Exercise prompt:
Pictures excluded, copy word for word the lines from the one holding "పెద్దలతో కలిసి ప్రత్యేక" through the last line below.

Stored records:
────────────────────
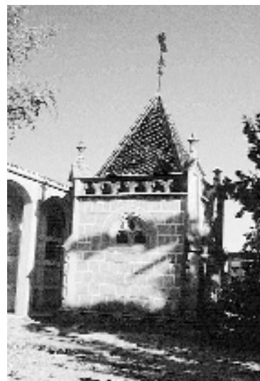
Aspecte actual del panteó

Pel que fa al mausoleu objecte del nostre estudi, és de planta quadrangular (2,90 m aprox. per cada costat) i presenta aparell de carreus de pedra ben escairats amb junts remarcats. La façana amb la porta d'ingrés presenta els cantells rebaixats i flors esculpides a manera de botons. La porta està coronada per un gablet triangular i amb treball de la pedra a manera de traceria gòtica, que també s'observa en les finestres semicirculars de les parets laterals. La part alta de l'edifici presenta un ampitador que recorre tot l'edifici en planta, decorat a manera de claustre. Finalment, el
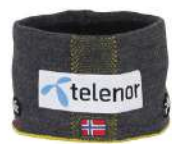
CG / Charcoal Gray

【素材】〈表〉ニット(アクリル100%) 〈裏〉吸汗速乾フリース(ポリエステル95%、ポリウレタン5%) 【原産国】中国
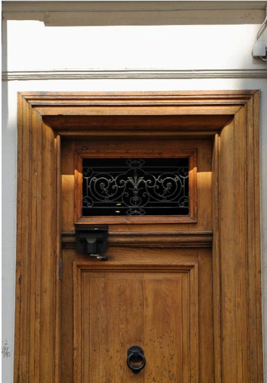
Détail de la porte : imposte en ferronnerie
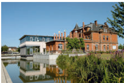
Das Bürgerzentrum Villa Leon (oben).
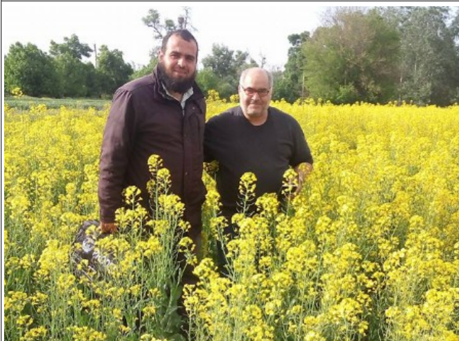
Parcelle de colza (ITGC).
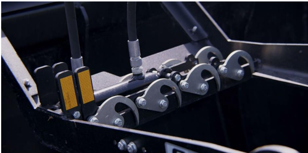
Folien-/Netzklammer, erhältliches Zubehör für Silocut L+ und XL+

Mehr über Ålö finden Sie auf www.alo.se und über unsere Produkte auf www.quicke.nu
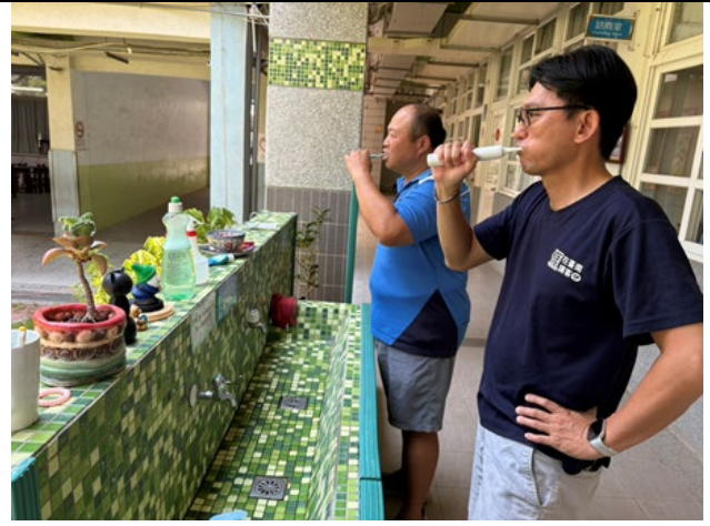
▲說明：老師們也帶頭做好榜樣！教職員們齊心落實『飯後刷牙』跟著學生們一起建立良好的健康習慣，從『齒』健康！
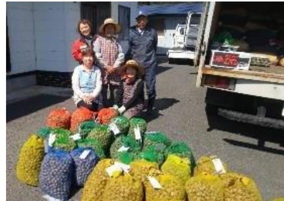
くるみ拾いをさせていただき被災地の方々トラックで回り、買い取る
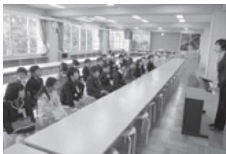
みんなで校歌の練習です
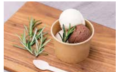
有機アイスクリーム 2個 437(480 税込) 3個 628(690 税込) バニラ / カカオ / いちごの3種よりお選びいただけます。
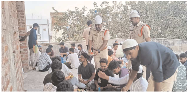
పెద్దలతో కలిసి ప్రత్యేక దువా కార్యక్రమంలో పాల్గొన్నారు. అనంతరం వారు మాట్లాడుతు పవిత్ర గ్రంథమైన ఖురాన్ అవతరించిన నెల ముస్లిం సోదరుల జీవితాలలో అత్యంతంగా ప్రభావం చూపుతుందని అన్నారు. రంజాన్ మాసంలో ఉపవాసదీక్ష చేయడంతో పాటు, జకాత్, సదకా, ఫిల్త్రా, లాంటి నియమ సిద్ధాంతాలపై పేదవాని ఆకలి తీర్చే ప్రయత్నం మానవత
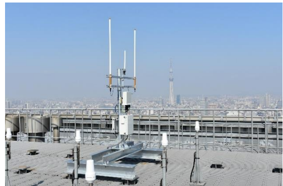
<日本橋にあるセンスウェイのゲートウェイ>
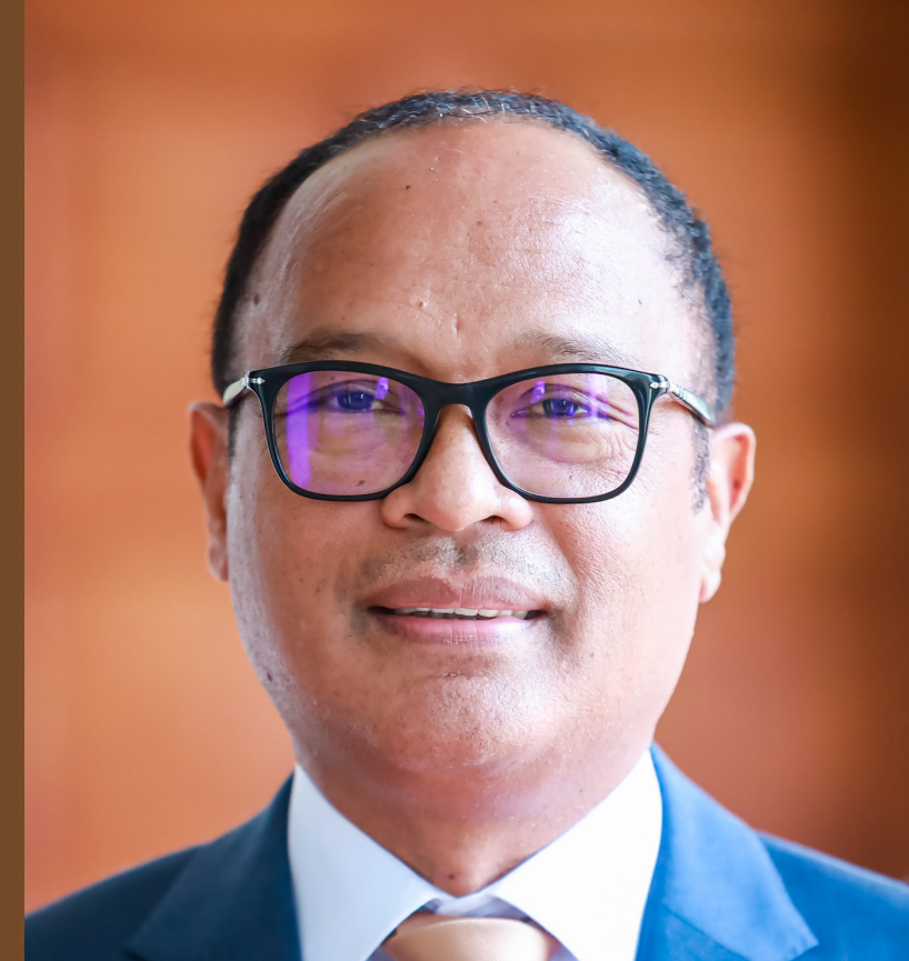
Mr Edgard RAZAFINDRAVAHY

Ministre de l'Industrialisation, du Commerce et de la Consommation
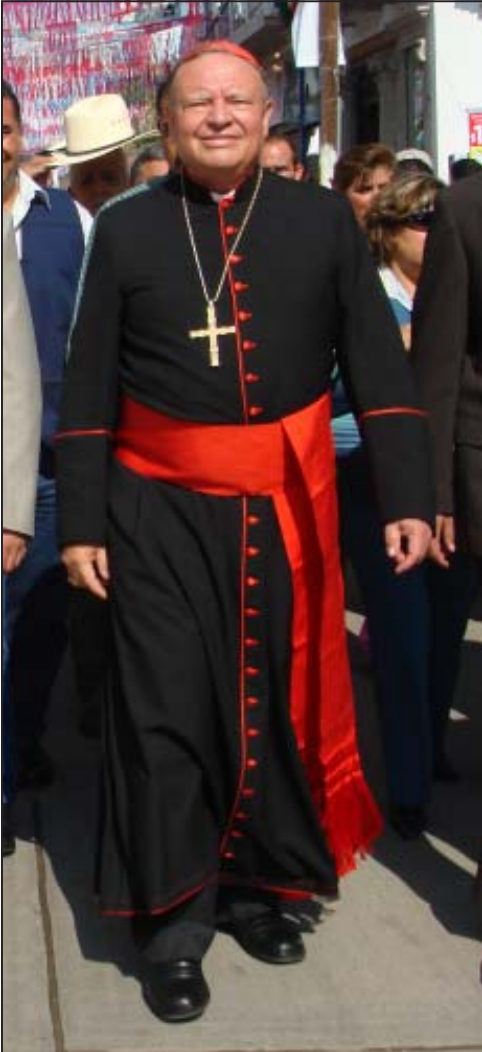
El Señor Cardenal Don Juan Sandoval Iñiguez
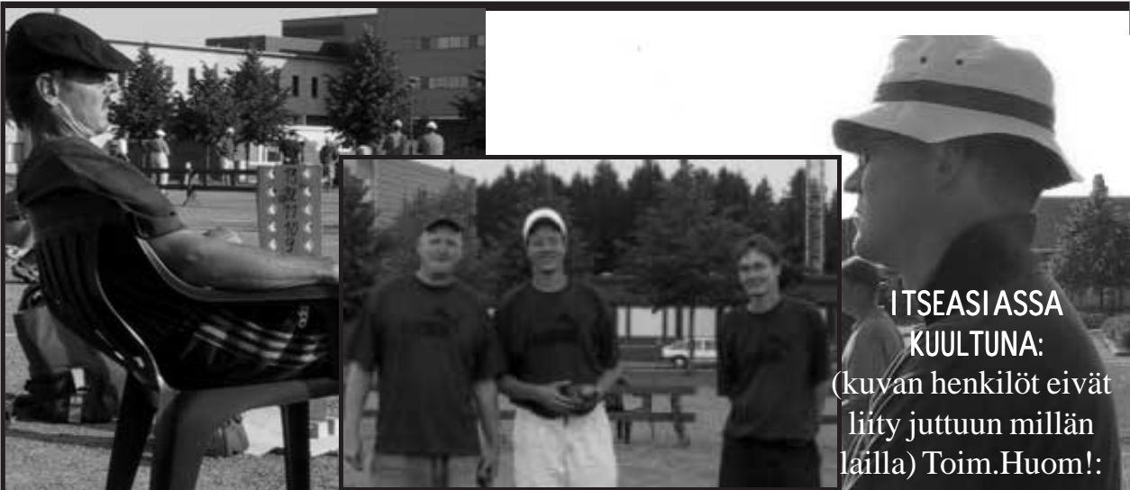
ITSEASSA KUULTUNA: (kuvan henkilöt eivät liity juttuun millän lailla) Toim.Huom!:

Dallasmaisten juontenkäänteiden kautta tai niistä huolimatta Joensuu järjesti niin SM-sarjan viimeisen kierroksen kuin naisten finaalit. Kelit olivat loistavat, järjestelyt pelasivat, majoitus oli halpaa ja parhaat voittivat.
────────────────────
Expected answer:
పెద్దలతో కలిసి ప్రత్యేక దువా కార్యక్రమంలో పాల్గొన్నారు. అనంతరం వారు మాట్లాడుతు పవిత్ర గ్రంథమైన ఖురాన్ అవతరించిన నెల ముస్లిం సోదరుల జీవితాలలో అత్యంతంగా ప్రభావం చూపుతుందని అన్నారు. రంజాన్ మాసంలో ఉపవాసదీక్ష చేయడంతో పాటు, జకాత్, సదకా, ఫిల్త్రా, లాంటి నియమ సిద్ధాంతాలపై పేదవాని ఆకలి తీర్చే ప్రయత్నం మానవత
<日本橋にあるセンスウェイのゲートウェイ>
Mr Edgard RAZAFINDRAVAHY

Ministre de l'Industrialisation, du Commerce et de la Consommation
El Señor Cardenal Don Juan Sandoval Iñiguez
ITSEASSA KUULTUNA: (kuvan henkilöt eivät liity juttuun millän lailla) Toim.Huom!:

Dallasmaisten juontenkäänteiden kautta tai niistä huolimatta Joensuu järjesti niin SM-sarjan viimeisen kierroksen kuin naisten finaalit. Kelit olivat loistavat, järjestelyt pelasivat, majoitus oli halpaa ja parhaat voittivat.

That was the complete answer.